Recorded data Block Start

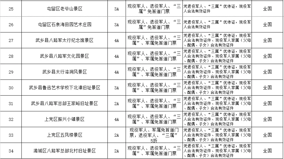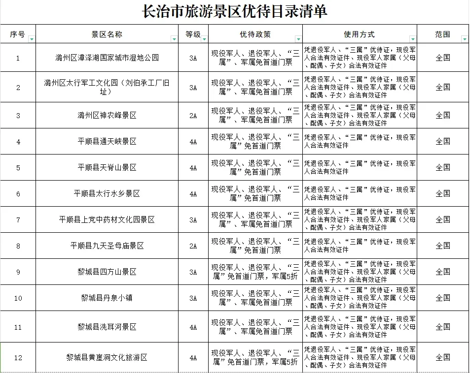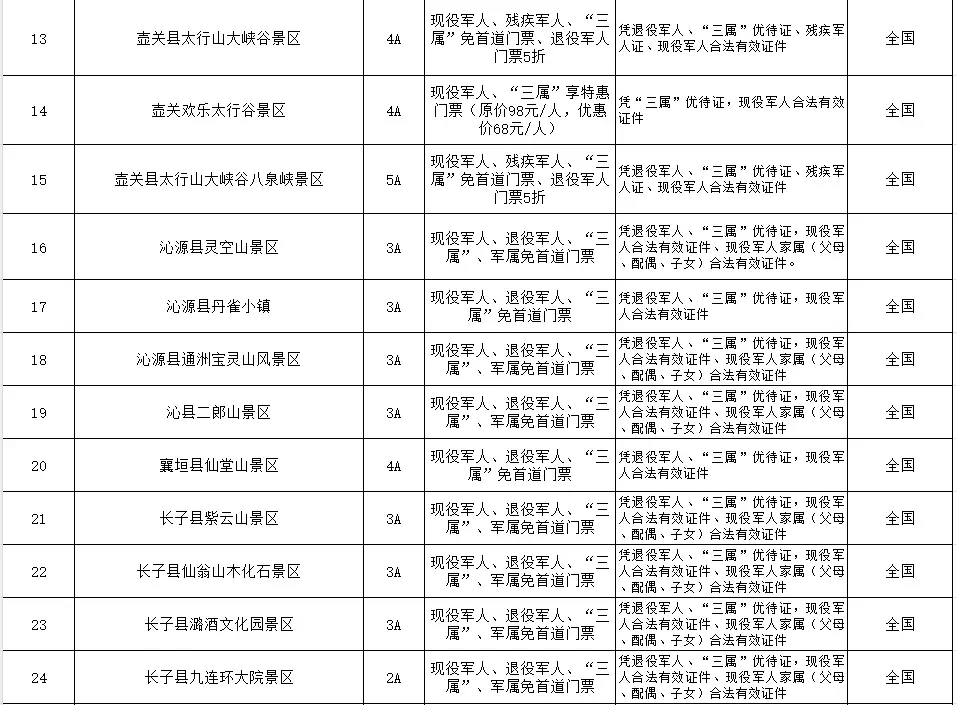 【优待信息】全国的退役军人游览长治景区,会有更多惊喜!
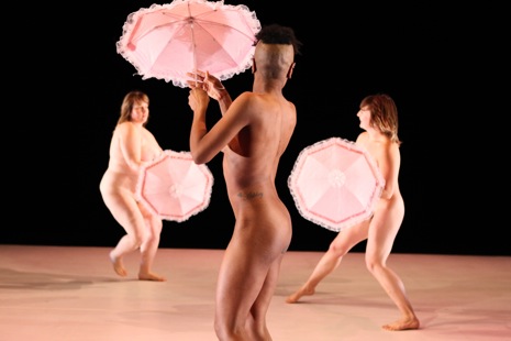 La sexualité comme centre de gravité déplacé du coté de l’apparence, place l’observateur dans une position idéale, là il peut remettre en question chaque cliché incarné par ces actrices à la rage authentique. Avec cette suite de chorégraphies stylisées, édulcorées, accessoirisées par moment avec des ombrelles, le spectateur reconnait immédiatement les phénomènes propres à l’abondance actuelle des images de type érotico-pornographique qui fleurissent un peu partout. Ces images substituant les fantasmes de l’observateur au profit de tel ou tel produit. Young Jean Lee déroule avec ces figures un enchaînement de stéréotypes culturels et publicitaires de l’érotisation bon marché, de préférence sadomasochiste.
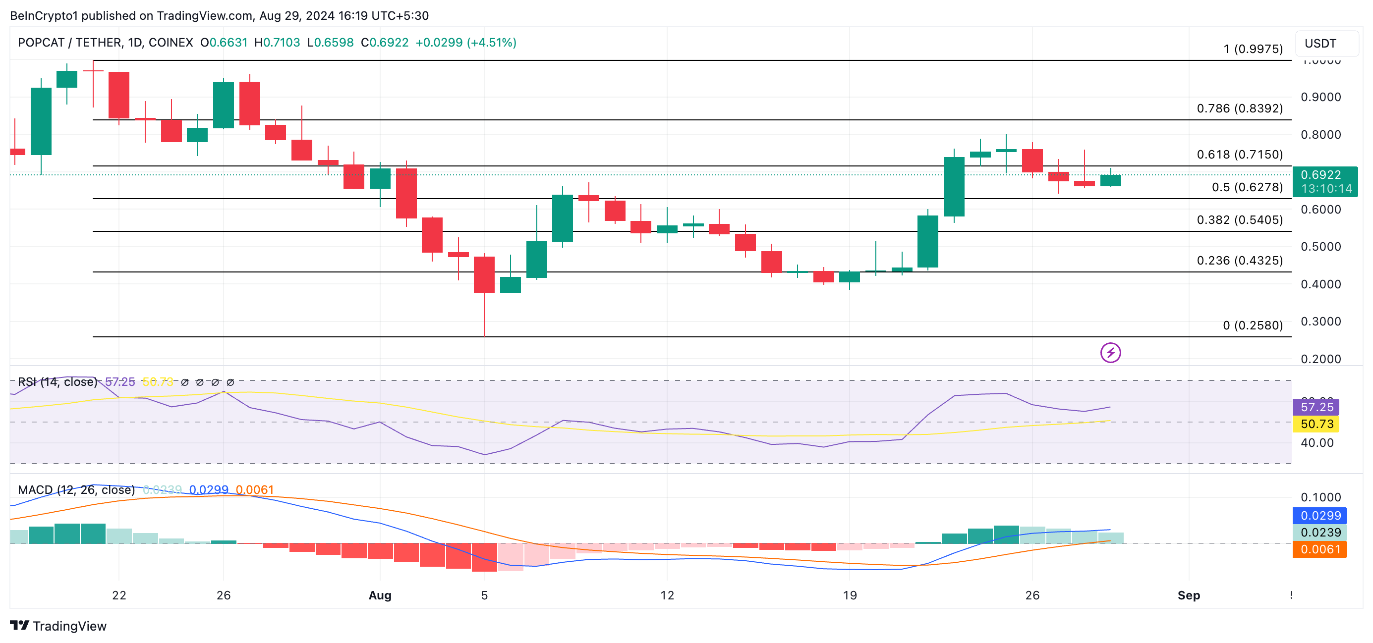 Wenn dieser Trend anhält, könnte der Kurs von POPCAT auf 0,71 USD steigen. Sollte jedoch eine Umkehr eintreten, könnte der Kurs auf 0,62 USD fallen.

Recorded data Block End
Recorded data Block Start

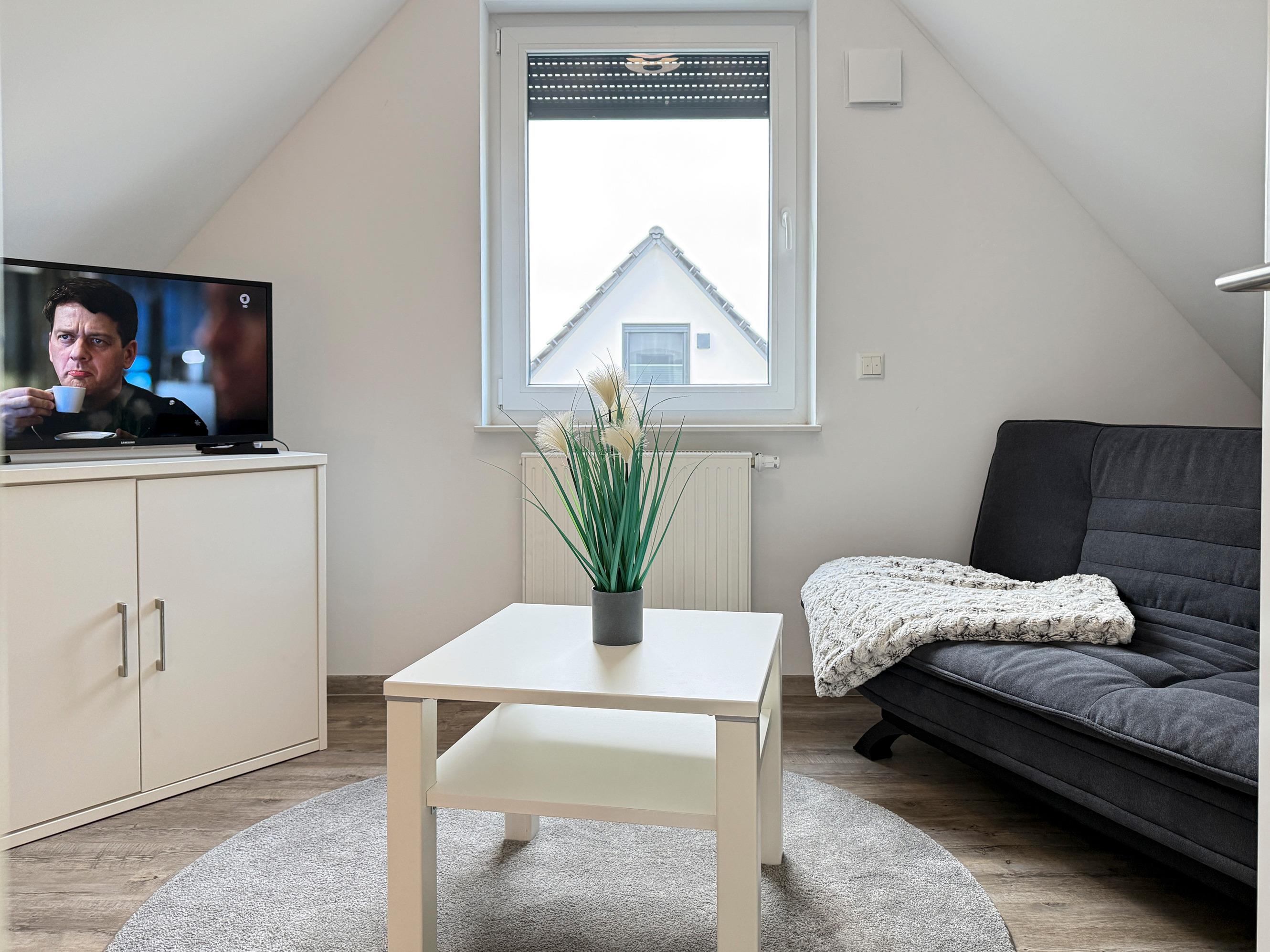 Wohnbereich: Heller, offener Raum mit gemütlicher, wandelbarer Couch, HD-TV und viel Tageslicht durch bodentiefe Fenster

Recorded data Block End
Recorded data Block Start

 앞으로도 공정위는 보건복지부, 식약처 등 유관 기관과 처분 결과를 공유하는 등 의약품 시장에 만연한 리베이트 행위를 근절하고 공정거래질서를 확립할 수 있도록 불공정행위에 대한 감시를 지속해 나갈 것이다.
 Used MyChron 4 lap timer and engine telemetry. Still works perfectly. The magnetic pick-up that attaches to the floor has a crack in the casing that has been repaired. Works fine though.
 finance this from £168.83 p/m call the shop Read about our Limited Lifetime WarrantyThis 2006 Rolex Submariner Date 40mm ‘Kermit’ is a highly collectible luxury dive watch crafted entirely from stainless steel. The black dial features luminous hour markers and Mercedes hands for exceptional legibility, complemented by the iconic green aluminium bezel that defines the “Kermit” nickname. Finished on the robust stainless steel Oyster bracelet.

Recorded data Block End

__Assigned task__: In the listing above, find the line containing "앞으로도 공정위는 보건복지부, 식약처" and the line containing "Used MyChron 4", then retype both and every line between them exactly, with nothing else.

__Reply__:
 앞으로도 공정위는 보건복지부, 식약처 등 유관 기관과 처분 결과를 공유하는 등 의약품 시장에 만연한 리베이트 행위를 근절하고 공정거래질서를 확립할 수 있도록 불공정행위에 대한 감시를 지속해 나갈 것이다.
 Used MyChron 4 lap timer and engine telemetry. Still works perfectly. The magnetic pick-up that attaches to the floor has a crack in the casing that has been repaired. Works fine though.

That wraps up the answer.